O cantor e compositor piauiense radicado em Minas Makely Ka diz que “prejuízos todos vão ter, mas buscamos mitigá-los”, lembrando que, assim como os autônomos de outras áreas, muitos músicos não têm 13º ou seguro desemprego, sendo totalmente dependentes do trabalho diário.

Diante da crise causada pela pandemia, ele diz que “esperar uma mudança estrutural neste momento é utopia”, mas que há mobilização, por parte do Fórum da Música, união de profissionais do qual faz parte, de exigir medidas governamentais. Makely destaca que a situação dos artistas se torna particularmente grave por conta por um cenário de ataque à classe, anterior à chegada do vírus no país.

“Há esse pensamento da direita de achar que quem trabalha com arte é vagabundo, sendo que cultura é um direito constitucional, assim como saúde, educação e segurança. É dever do Estado prover condições para realização das atividades e para o acesso a elas. Tudo fica mais complicado quando há essa hostilização. Apesar disso, o que as pessoas farão nesses dias isoladas em casa? Vão ler, ver séries, filmes, ouvir música, shows no streaming. Aí vemos a importância da cultura e quem trabalha com ela precisa ser remunerado”, argumenta Makely.

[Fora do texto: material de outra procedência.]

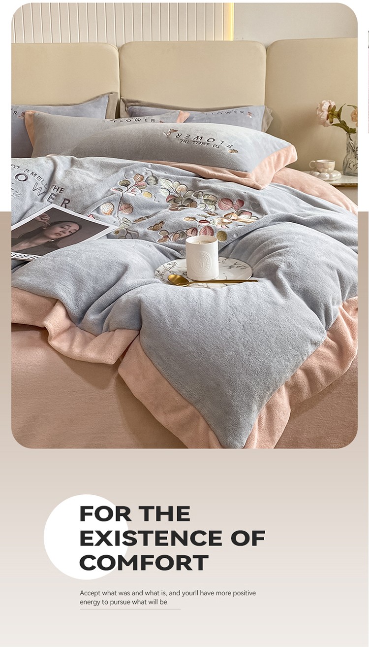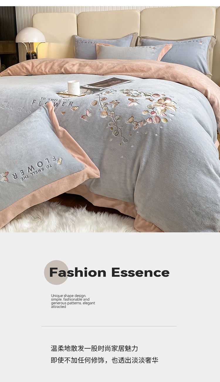 七七 2025绣花牛奶绒四件套尤加利系列 尤加利-银灰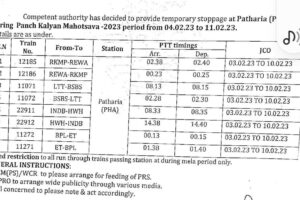 सारांश पथरिया में जैन समाज का महाकुंभ देखते हुए रेल मंत्री ने विशेष व्यवस्था की है । यहां से गुजरने वाली रेलों का यहां विशेष स्टोपेज होगा । विस्तार से पढ़िए...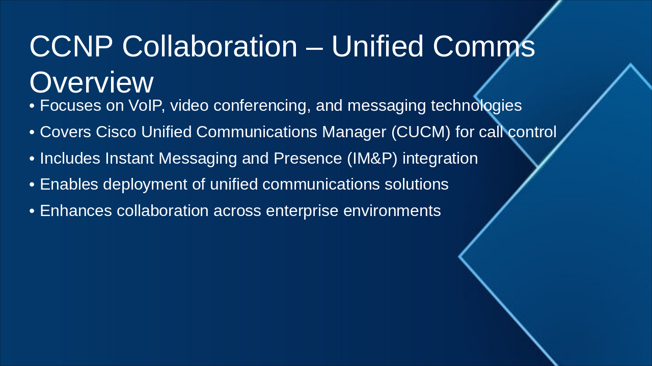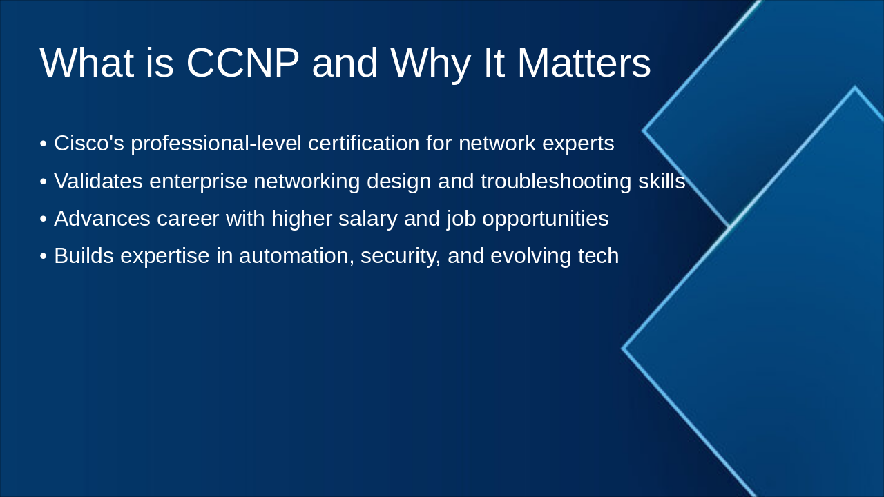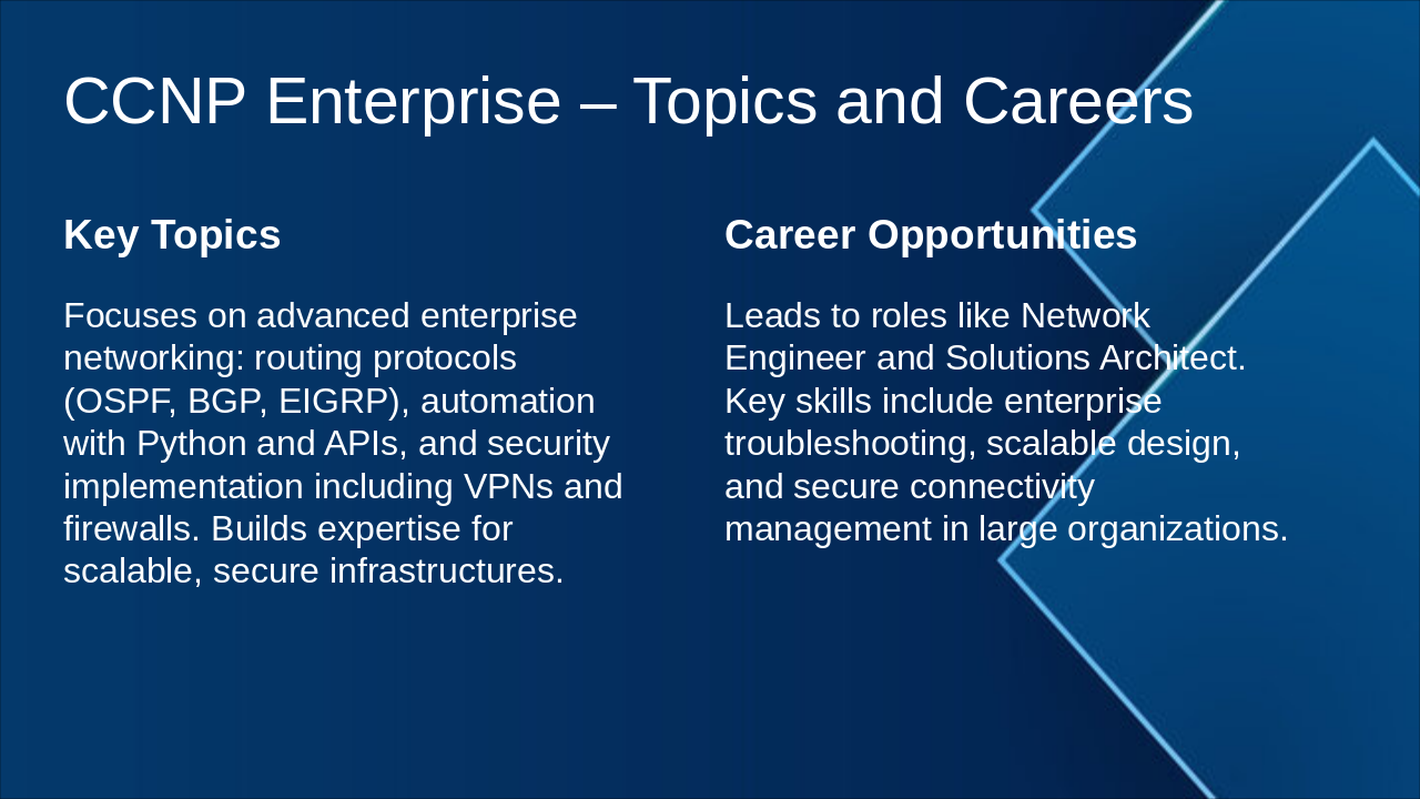 The CCNP Enterprise certification slide highlights key topics in advanced enterprise networking, including routing protocols like OSPF, BGP, and EIGRP, automation using Python and APIs, and security features such as VPNs and firewalls, all aimed at building expertise in scalable, secure infrastructures. On the career side, it outlines opportunities in roles like Network Engineer and Solutions Architect, emphasizing skills in enterprise troubleshooting, scalable design, and secure connectivity management for large organizations.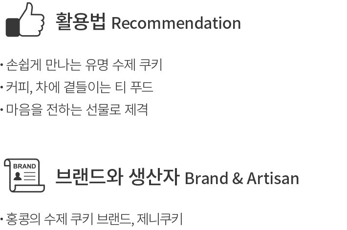 2005년,홍콩에서 문을 연 제니쿠키는 진한 버터 풍미와 부드러운 식감으로 많은 사랑을 받아온 수제 쿠키 브랜드,제니쿠키의 2믹스 쿠키를 소개할게요. 사르르 녹는 식감이 매력적인 버터 플라워 쿠키와 커피 쿠키를 함께 담았답니다. 섬세한 일러스트가 그려진 틴 케이스 역시 제니쿠키만의 매력인데요. 주기적으로 일러스트가 변경되니 소장 가치까지 있답니다.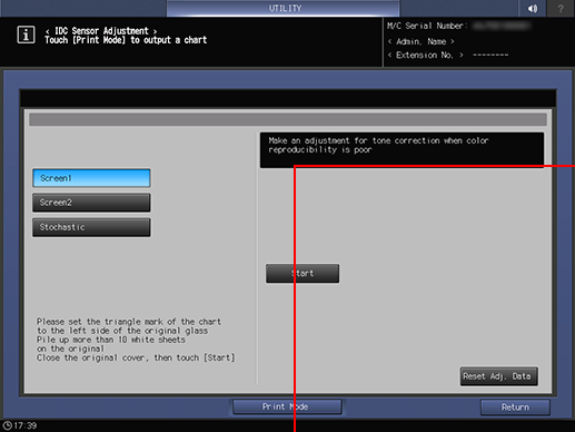 Press System Setting on the Administrator Setting Menu screen, and then press Expert Adjustment, Quality Adjustment, and IDC Sensor Adjustment in sequence.

Com agenda de shows cancelada, bem como outras atividades remuneradas, como gravação de trilhas sonoras, ele também se valerá do streaming para manter contato com o público, que poderá contribuir financeiramente com a apresentação. No entanto, Makely Ka destaca que isso está longe de ser o suficiente. “A internet também precisa ser paga”, diz, e cobra medidas do poder público.

SOBREVIVÊNCIA 

“É um momento de salvar os feridos. Garantir a sobrevivência, o pagamento dos boletos. Não esperamos nada do governo federal. É um governo que ataca sistematicamente os artistas. Então o foco é em questões objetivas. Esperamos do governo de Minas um edital via fundo estadual de cultura ou via Cemig, para atender demanda específica para os próximos meses, nos quais os músicos estarão sem agenda, visando a realização de espetáculos on-line e shows virtuais. Acho que músicos e artistas, de modo geral, passam a exercer função importante para as pessoas não enlouquecerem nesse tempo”, afirma Makely Ka.